The 10:00 a.m. traffic calendar in Clayton County State Court on Thursday was disrupted repeatedly as several arresting officers reported conflicts, training sessions or were otherwise unavailable, leading prosecutors to request resets, no-pros (nolle prosequi) and failures-to-appear across the docket.
Judge Tammy Long Hayward presided over a calendar that included arraignments, bench trials and plea offers. Throughout the morning the prosecutor, identified in the transcript as Mr. Tipton, repeatedly sounded for officers and informed the court when officers were on military leave, in training, making arrests, or unable to attend. For example, officers Arnold and Chavez were on leave; Officer Billingsley reported he was in training and asked to be scheduled as late in the calendar as possible.
Those absences produced many administrative case outcomes: the record shows multiple no-pros and failure-to-appear notations, several plea resolutions where defendants accepted suspended fines, and multiple resets because the state could not confirm officer availability. The judge reviewed the dispositions near the end of the calendar and listed which matters were closed, reset, no-pros or pleas.
Judge Hayward asked participants with iPhones to rename their Zoom tiles with full first and last names so the court could identify who was present.
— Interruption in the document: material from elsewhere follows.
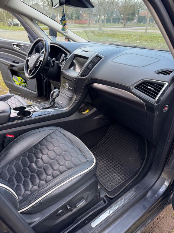 Adaptive LED-Scheinwerfer (Ford Dynamic LED), Ambientebeleuchtung vorn, Antiblockier-Bremssystem (ABS) mit elektronischer Bremskraftverteilung (EBD), Außenspiegel in Wagenfarbe, Fahrer- und Beifahrerseite, elektrisch einstellbar und beheizbar, Bereifung: 7,5 J x 18 Leichtmetallfelgen (4) mit 235/50 R 18 Reifen, Berganfahrassistent, Bremsleuchte, dritte, Dieselpartikelfilter (DPF), Doppelrohr-Auspuffanlage, Drehzahlmesser, Einstiegszierleisten vorn in Chrom-Dekor, Einstiegszierleisten vorn, mit Vignale-Design, Elektronisches Sicherheits- und Stabilitätsprogramm (ESP) inkl. Antriebsschlupf-Regelung (ASR), Fahrerinformationssystem Display 25,4 cm farbig, Fahrspur-Assistent inkl. Fahrspurhalte-Assistent und Müdigkeitswarner, Fensterheber vorn und hinten, elektrisch, Feststellbremse, elektronisch, Ford Power Startfunktion, Ford Power Startfunktion mit Ford Key Free-System, Gepäckraumabdeckung, Gepäckraumbeleuchtung, Geschwindigkeitsregelanlage mit intelligentem Geschwindigkeitsbegrenzer, Getriebe: 6-Gang-Automatikgetriebe, Handschuhfach beleuchtet, Heckscheibenheizung, Heckscheibenwischer, Innenbeleuchtung mit Verzögerungsschaltung, Intelligentes Sicherheits-System, Isofix-Halterung, Kindersicherung elektrisch, Klimaanlage mit automatischer Temperaturkontrolle, Kühlergrill mit Chrom-Dekor, Lackierung: Metallic, Lenkrad: Lenksäule, in Höhe und Reichweite einstellbar, Lenkrad: Multifunktions-Lederlenkrad und Lederschaltknauf, Lenkrad: Schaltwippen am Lenkrad, Leselampen vorn und hinten, Mittelkonsole vorn, mit gepolsterten Armauflagen, MyKey-Schlüsselsystem (individuell programmierbarer Zweitschlüssel), Navigationssystem Sony inkl. Ford SYNC 3 mit AppLink und Touchscreen, Nebelscheinwerfer, Notbremslicht, Paket: Winter, Park-Pilot-System vorn und hinten, Reifen-Reparatur-Set, Reifendruckkontrollsystem (TMPS - Tyre Pressure Monitoring System), Rückfahrkamera, Scheibenwischer mit Regensensor, Scheinwerfer-Abblendlicht mit Ausschaltverzögerung inkl. "Begrüßungsfunktion", Scheinwerfer-Assistent mit Tag/Nacht-Sensor, Seitenschweller in Wagenfarbe lackiert, Servolenkung elektro-mechanisch, Sicherheits-Bremsassistent (EBA), Sitze: Fahrer- und Beifahrersitz 10-fach elektrisch einstellbar, Sitze: Flexibles Sitzsystem "FoldFlatSystem (FFS)", Sitze: Hochwertige Sportsitze mit exklusiver Lederausstattung, Sitze: Vordersitze individuell und variabel beheizbar, Start-Stopp-System, Staufach unter Fahrer- und Beifahrersitz, Steckdose: 12-Volt-Anschluss vorn, Teppichfußmatten "Premium" vorne und hinten, Warnsystem für nicht angelegte Sicherheitsgurte für die 1. und 2. Sitzreihe, Wegfahrsperre, Zentralverriegelung mit Fernbedienung.

The judge also repeatedly instructed defendants on their rights during arraignment and trial opportunities, and emphasized that defendants who wished counsel should request arraignment so appointed counsel could be considered.
Several defendants resolved their cases via NOLO pleas or guilty pleas with suspended fines where driving histories supported that resolution; others were given trial dates or had cases reset because the officer could not appear. Multiple defendants were excused or released after the state moved to nolle prosequi on their cases.
The transcript shows the judge urged better coordination and noted the calendar took longer than usual because of the repeated officer conflicts; she directed clerks and prosecutors to provide notices for reset dates and sentencing paperwork to defendants as needed.